Novak Inc. has an executive stock option plan, details of which follow:

  • The plan entitles the President to purchase 49,600 common shares at $51.40 after a two-year vesting period that begins on the grant date of January 1, 2020.
  • The President can exercise the stock options any time between January 1, 2022 and December 31, 2026.
  • The President exercises 40,600 of the stock options on June 30, 2022. The rest of the options are allowed to lapse

The shares' market prices per share are as follows:

January 1, 2020 $51.40

December 31, 2020 $56.50

December 31, 2021 $59.30

June 30, 2022 $63.10

  • Novak uses an option-pricing model to value the stock options. When granted, the options are estimated to have a fair value of $10.10 each.
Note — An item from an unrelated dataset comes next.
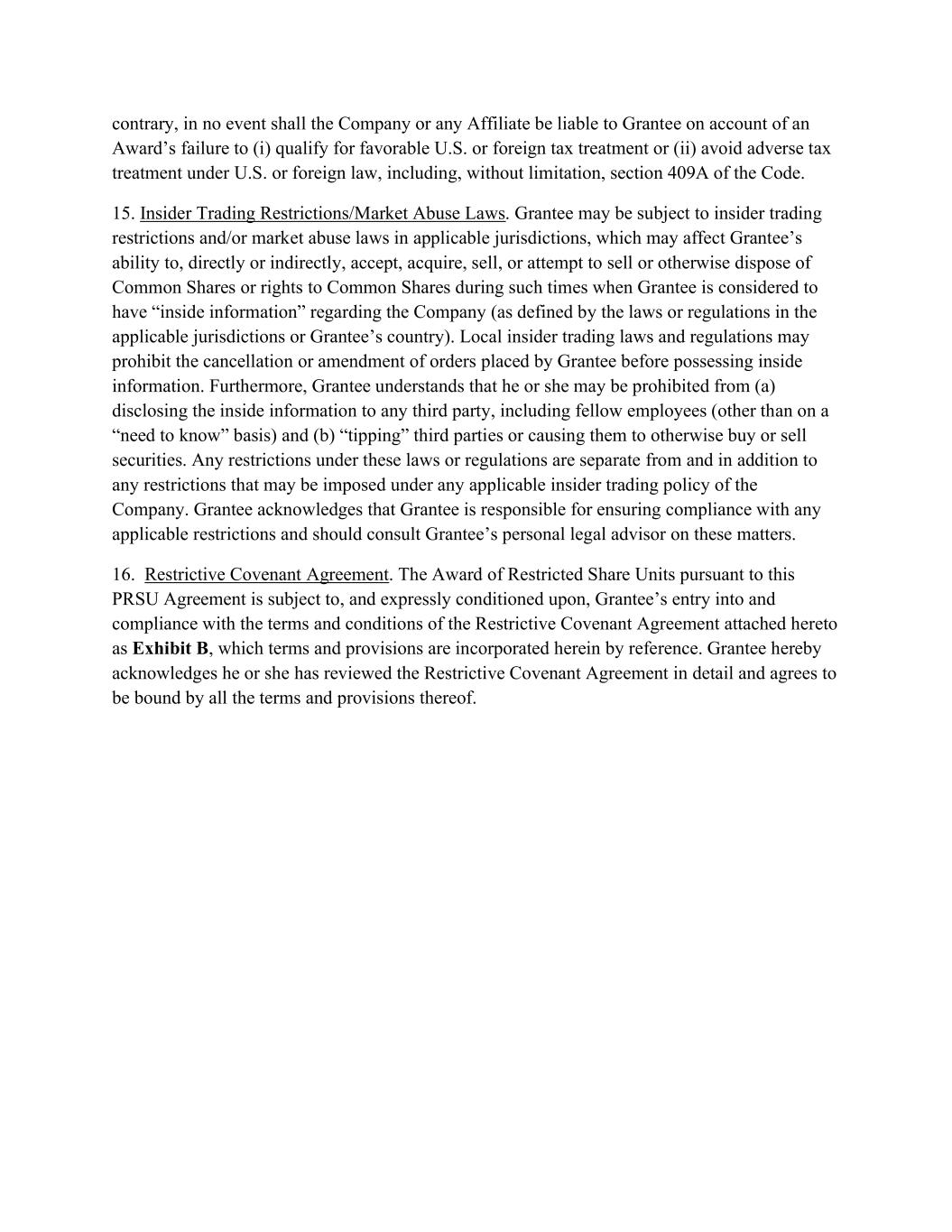 contrary, in no event shall the Company or any Affiliate be liable to Grantee on account of an Award’s failure to (i) qualify for favorable U.S. or foreign tax treatment or (ii) avoid adverse tax treatment under U.S. or foreign law, including, without limitation, section 409A of the Code. 15. Insider Trading Restrictions/Market Abuse Laws. Grantee may be subject to insider trading restrictions and/or market abuse laws in applicable jurisdictions, which may affect Grantee’s ability to, directly or indirectly, accept, acquire, sell, or attempt to sell or otherwise dispose of Common Shares or rights to Common Shares during such times when Grantee is considered to have “inside information” regarding the Company (as defined by the laws or regulations in the applicable jurisdictions or Grantee’s country). Local insider trading laws and regulations may prohibit the cancellation or amendment of orders placed by Grantee before possessing inside information. Furthermore, Grantee understands that he or she may be prohibited from (a) disclosing the inside information to any third party, including fellow employees (other than on a “need to know” basis) and (b) “tipping” third parties or causing them to otherwise buy or sell securities. Any restrictions under these laws or regulations are separate from and in addition to any restrictions that may be imposed under any applicable insider trading policy of the Company. Grantee acknowledges that Grantee is responsible for ensuring compliance with any applicable restrictions and should consult Grantee’s personal legal advisor on these matters. 16. Restrictive Covenant Agreement. The Award of Restricted Share Units pursuant to this PRSU Agreement is subject to, and expressly conditioned upon, Grantee’s entry into and compliance with the terms and conditions of the Restrictive Covenant Agreement attached hereto as Exhibit B, which terms and provisions are incorporated herein by reference. Grantee hereby acknowledges he or she has reviewed the Restrictive Covenant Agreement in detail and agrees to be bound by all the terms and provisions thereof.

This estimate remains unchanged during the vesting period.

Problem 1: Assuming that Novak has a December 31 year end, draft the required journal entries as at the following dates. (Credit account titles are automatically indented when the amount is entered. Do not indent manually. If no entry is required, select "No Entry" for the account titles and enter 0 for the amounts.)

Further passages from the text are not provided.